No one knows for sure, but plenty of ink has been burned on whether Rep. Nancy Pelosi will reprise her role as Democratic leader in the next Congress.
The 13-term congresswoman handily won re-election by almost 70-points. And her top lieutenants say the party would file in line to support her if she wanted her top post again.
But Democrats fell far short of their goal of winning back the 25 seats needed to take control of the House thereby giving them a trifecta.
For Republicans, this is indeed their silver lining after Tuesday's debacle. But for Democrats, it exposes a major failing considering Americans re-elected a Democrat to the White House and expanded the party's lead in the Senate.
So what's in Leader Pelosi's future? (Aside from pressing charges on a suspect who burglarized her California vacation home on election night.) Our guess is that you'll likely see a retirement announcement.

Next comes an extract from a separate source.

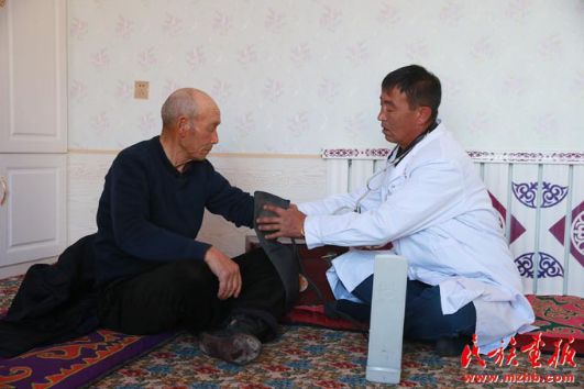 一只老式的皮藥箱、一匹馬、一個裝滿藥的馬褡子、一件綁在馬鞍后的皮大衣,見證了居馬泰·俄白克的牧區(qū)醫(yī)生生活,他那風塵仆仆的身影在包扎墩牧區(qū)已經(jīng)成為牧民們眼中最美的身影。

The major question is when.
If she chooses to withhold her decision in the near future, it probably will be to avoid the news serving as a distraction during the important discussions to avert the so-called "fiscal cliff." Pelosi will want to be a part of any deliberations that involve entitlement cuts to champion her causes.

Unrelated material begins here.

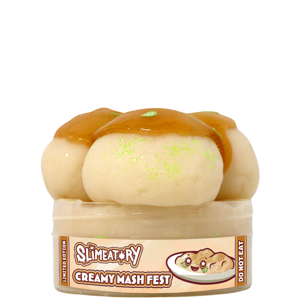 This soft beige cloud slime serves up cozy comfort with a smooth, fluffy texture and rich gravy drizzle! Sprinkled with tiny chive accents, it’s a savory-inspired masterpiece that feels like a holiday dinner in slime form!

But if she's looking for an ideal time to exit, the next session may be appealing. Why? As the first woman to hold the gavel as Speaker of the House, she's seen as a trailblazer.
Also, women increased their ranks on Capitol Hill in the 2012 "Year of the Woman" election cycle. At least 77 women will serve in the House and 20 in the Senate in the 113th Congress -- the largest number ever.
Pelosi could use the huge gains as a springboard to suggest her work is done, pointing to a long list of accomplishments like passing the Lilly Ledbetter Fair Pay Act, health care, and possibly the re-extension of the Violence Against Women Act.
Don't be surprised if an announcement comes sometime between now and the first session of the 113th.
(For the record, we're not offering any suggestions ... it's just a theory since everyone seems to be playing the guessing game.)
On a side note, what's next for Mitt Romney after the election? Well, some already have begun his next campaign.
They're suggesting he use his business experience to work for President Obama as his next Secretary of the Treasury.
We at Beltway Buzz concede that the president did express wanting to work with Romney after the election, but we're pretty sure this scenario is not what he had in mind -- let alone, whether Gov. Romney would even consider working for the Obama administration.